Energy oil producers are closely watching the bill, Warrier said.
Suncor and Cenovus Energy Inc. declined requests for comment and CNRL did not provide a response before press time.
In total, Warrier said the new excise tax would bring the total tax burden on every barrel of dilbit sold into the U.S. up to roughly 9 U.S. cents — a significant tax burden that his clients in the oilpatch are considering challenging under USMCA rules.
“There were great pains taken in negotiating the Canada-U.S. free trade agreement to ensure that bitumen would be freely moveable through the continent without having to pay any kind of tariff and certainly this excise tax could be interpreted as such,” Warrier said.
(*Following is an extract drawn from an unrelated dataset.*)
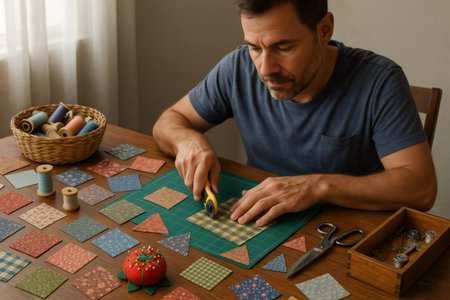 Tailor carefully cutting fabric squares and triangles on cutting mat, preparing them for sewing patchwork quilt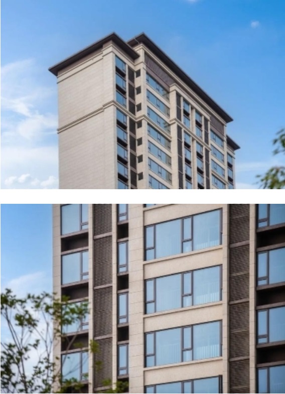 項目立面采用大面積灰藍色low-e中空玻璃+真石漆的運用,入戶首層局部采用黃金鉆石材,勾勒出輕盈典雅的質感,呈現優雅的比例和尺度。

Article 2.4 of the new USMCA trade agreement states that “unless otherwise provided in this Agreement, no Party shall increase any existing customs duty, or adopt any new customs duty, on an originating good,” said Mark Warner, principal at MAAW Law in Toronto, adding that the Blumenauer’s bill may not be permitted under the agreement.
Despite cordial relations between Prime Minister Justin Trudeau and President Biden, the energy-trading relationship between Canada and the U.S. has been strained in the early weeks of the Biden’s government. The new U.S. administration cancelled TC Energy Corp.’s Keystone XL pipeline project as one of its first acts in office, meanwhile, Enbridge Inc. is fighting an order by Michigan’s governor to shutdown the Alberta-to-Ontario Line 5 pipeline through Michigan that could disrupt oil supplies to Eastern Canada and the United States.